As I explain in my forthcoming book Alpha God, religions bear all the marks of primate dominance, to include large head displays. The pope’s papal tiara, for example, is a towering, triple-crown of gold and sparking gems explicitly meant to signify that the pope’s rule transcends the civil authorities. Historically, popes have literally had the power to make kings kiss their feet. Here are the words traditionally spoken at the papal coronatio, “Receive the tiara adorned with three crowns and know that thou art the father of princes and kings, ruler of the world…”
As for beards, those naturally occurring head-enlargers inherited from our primate ancestors, the Old Testament orders that “You shall not round off the side-growth of your heads nor harm the edges of your beard” (Lev. 19:27). Many religious men are required to wear them, including in Hinduism, Rastafarianism, Judaism, Sikhism, and among the Amish. Ancient Egyptian Pharaohs, who were considered gods on earth—the absolute pinnacle of male human power— wore exaggeratedly long false beards called postiches as a symbol of their divine status. Saint Clement of Alexandria astutely noted the parallels between men’s beards (and chest fuzz) and the fearsome head displays of male lions, claiming that God “adorned man, like the lions, with a beard, and endowed him, as an attribute of manhood, with shaggy breasts—a sign of strength and rule”. And religious beards still resonate as symbols of competition and power. Amish men in Ohio have recently been arrested for assaulting their male co-worshippers and chopping off their beards. Similarly, when videos emerged of Saddam Hussein, captured and having his beard checked for lice, it enraged the Ba’athist, Sunni, and other Islamists for whom touching a man’s beard is considered a terrible insult. Finally, in American popular culture, God, the most dominant male in the Universe—whose archetype I argue is based on a dominant male human— is sometimes called the bearded old man. For us primates and our evolved minds, bound as we are to our competitive and reproductive urges, this implies a different level of dominance from, say, a smooth-faced adolescent.

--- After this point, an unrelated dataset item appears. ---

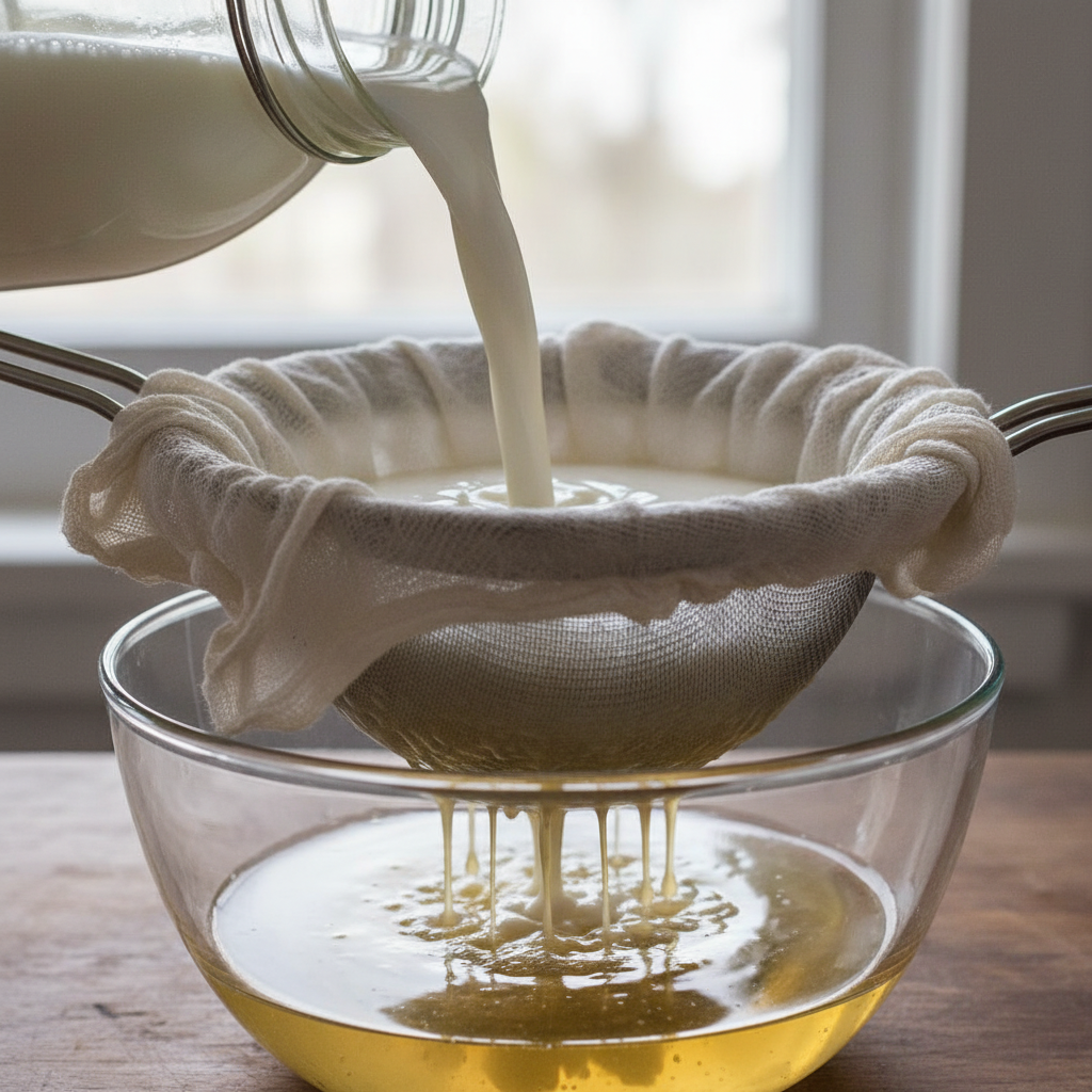 You’ve successfully made liquid kefir! Now for the incredibly simple step that transforms this probiotic drink into a creamy, spreadable cheese that dogs go absolutely wild for. This process is all about separating the solids (curds) from the liquid (whey).

In general, the older an adaptation is, the deeper its psychological meaning may be embedded in our thinking, and often below conscious awareness. And so, until pressed with clever questions in a research lab, many of us have psychological, and even endocrinological, reactions to things without even realizing it. So even the most civilized, peaceable, unassuming bearded hipster may pull for reactions that trace back to a time during which our male primate ancestors were battling to survive and reproduce. Doubly so for men of the cloth representing that ever-dominant male in the sky.